Message_Number - the sequence number of the network failure.
Parent_Message_Number is the number of the parent crash that caused this one.
Device_ID - unique identifier of the device on the network.
Date - The date of the accident.
Time / Time range - The time of the occurrence of the accident or the period of its duration.
Alarm_ID - unique identifier of the alarm in the standard.
Optional parameters - Additional parameters specific to this alarm.

Secondly, the equipment should be able to conduct a minimal analysis of the situation and logs. It should know where the cause is, where the effect is, and in addition to detailed logs, also send the results of the analysis.

For example, if the fall of the BFD, IGP and other protocols was caused by the physical disconnection of the interface, then it should present this in the form of a dependency branch: the fall of the port caused this and that.

Thirdly, the Intelligent Monitoring System of the Network should reflect the accident in human form.

Suppose that after analysis a standardized message was sent to the monitoring server, for example:

"2374698214.0.8422. 10/29/2013 09: 00: 00-10: 00: 01.65843927456.GE0 / 0/0 "
"2374698219.2374698214.8422. 10/29/2013 10: 00: 00-10: 00: 05. 50. 90. R2D2. 70 ”
"2374698220.2374698214.8422. 10/29/2013 10:00:01. 182. GE0 / 0/0. Abnormal Power flow. Power treshold is reached. Abnormal power timer is expired »

The Control System parses these messages into its components:
The accident number 2374698214. Not a consequence of anything. It happened on the device with ID 8422 10.29.2013. Lasted from 09:00 to 10:00:05. Universal alarm ID 65843927456. Additional parameters: GE0 / 0/0.

The accident number 2374698219. Caused by accident "2374698214. It happened on the device with ID 8422 10.29.2013. Lasted from 10:00 to 10:00:05. Universal accident ID 50. Additional parameters: 90. 70. R2D2.

The accident number 2374698220. Caused by accident „2374698214. It happened on the device with ID 8422 10.29.2013 at 10:00:05. Universal accident ID 182. Additional parameters: GE0 / 0/0. Abnormal Power flow. Power treshold is reached. Abnormal power timer is expired.

Then he turns to the database of network devices and retrieves the description of the device with the number 8422.
On-line or in a local copy of the global accident database, it finds the description and significance of the accident 65843927456 - an abnormally high flow of force. The parameter is the interface source GE0 / 0/0.
50 - High CPU utilization. Parameters: total load (90), the most load process (R2D2) and CPU utilization by this process (70).
182 - shutdown interface. In the parameters of the interface number and the reason for which the interface would be turned off.

Further, the Control System forms a clear and comprehensive message:

“An external device was connected to the C3PO switch to the 10GE 0/0/0 interface, which generated an abnormally high power flow from 09:00:00 to 10:00:05.
For this reason, the R2D2 process utilized the CPU at 70% in the time period from 10:00 to 10:00:05. The port was turned off at 10:00:05.
Abnormal Power flow. Power treshold is reached. Abnormal power timer is expired . ”

3. Hardware problems

I do not think, once again, to say that nothing lasts forever, nobody is perfect - the interface cards fail, memory cards acquire bad sectors, the boards reboot spontaneously, programmers suddenly disappear.

It seems to me that if the problem is hardware and somehow solved, the equipment can unambiguously determine the cause - loss of synchronization, control or monitoring bus failure, failure of the board’s power supply.

Some problems are cumulative in nature, others are sudden, but it seems to me that all of them can be traced. Even, for example, a complete disconnection of the line card - the control card, even in the absence of the main power supply, should be able to interrogate the board and identify the problem. If it is not possible to interview, it means either the respondent itself is defective - easy to check, or a replacement fee.

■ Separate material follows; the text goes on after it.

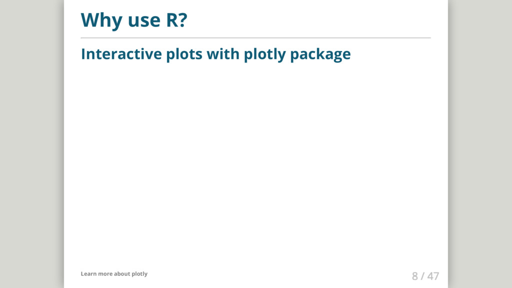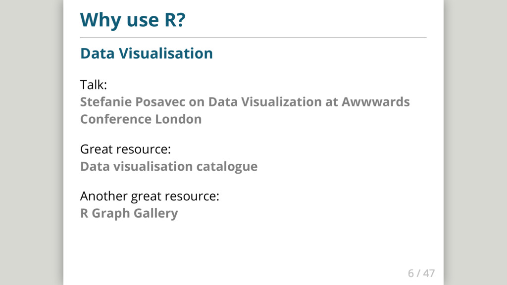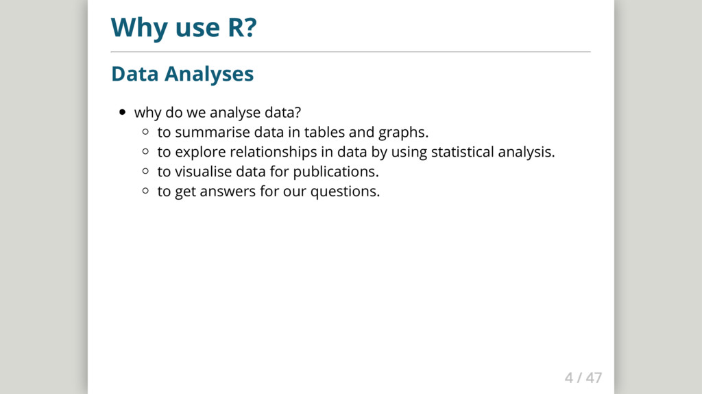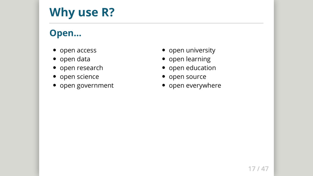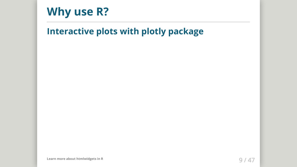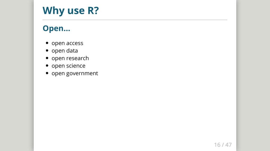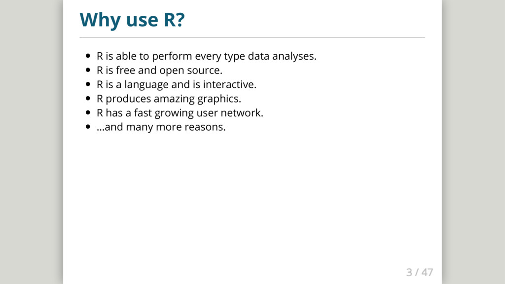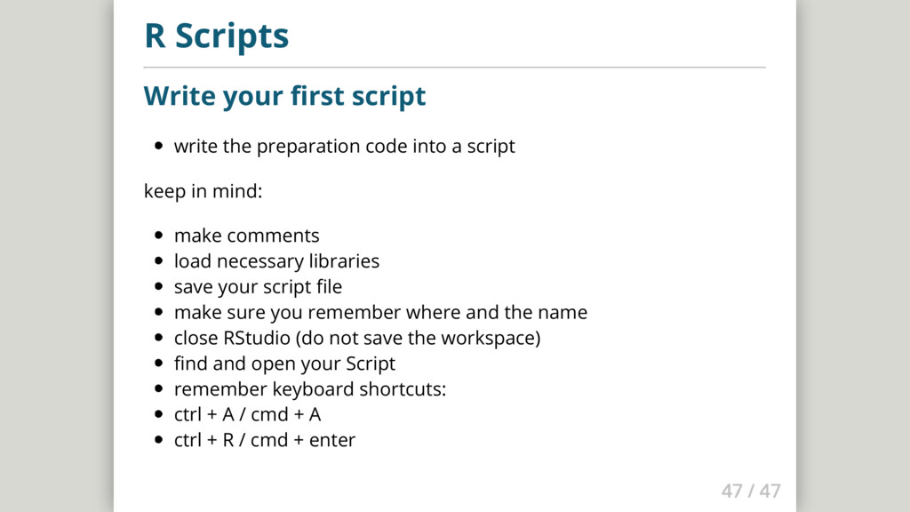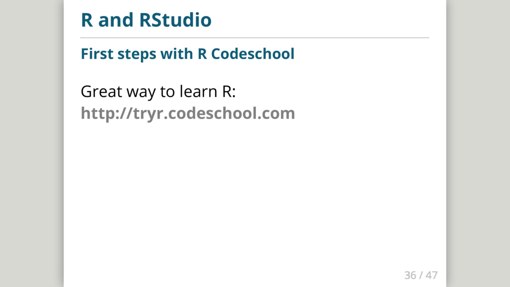 the Console library(gapminder) str(gapminder) ## Classes 'tbl_df', 'tbl' and 'data.frame': 1704 obs. of 6 variables ## $ country : Factor w/ 142 levels "Afghanistan",..: 1 1 1 1 1 1 1 1 1 ## $ continent: Factor w/ 5 levels "Africa","Americas",..: 3 3 3 3 3 3 3 ## $ year : int 1952 1957 1962 1967 1972 1977 1982 1987 1992 1997 . ## $ lifeExp : num 28.8 30.3 32 34 36.1 ... ## $ pop : int 8425333 9240934 10267083 11537966 13079460 14880372 ## $ gdpPercap: num 779 821 853 836 740 ...

Again, the Control System should receive a message about this:

“The line card in slot 4 lost its synchronization with the switching factories due to damage to the L43F network chip. The fee must be replaced. " And right there on the link generated template for the replacement of equipment.

4. Potential software problems

It's simple. Either the vendor has a good base of software, patches and their descriptions with a list of available features and solved problems, or not. Naturally, if not, we need to yes.

The Control System simply monitors all updates and, if necessary, downloads and installs them.

5. Incorrect configuration

Perhaps this is the most difficult aspect. There is a huge variety of variations. Even the usual IP will cause a storm of emotions when trying to implement its automatic debugging.

To formalize the configuration rules means to create a universal language of interaction between the Control System and equipment. Well, you can not try to scrape together on the same server, scattered data from Juniper, Cisco, ZTE and Dlink. You can not create a parser that will adapt to the data from different devices.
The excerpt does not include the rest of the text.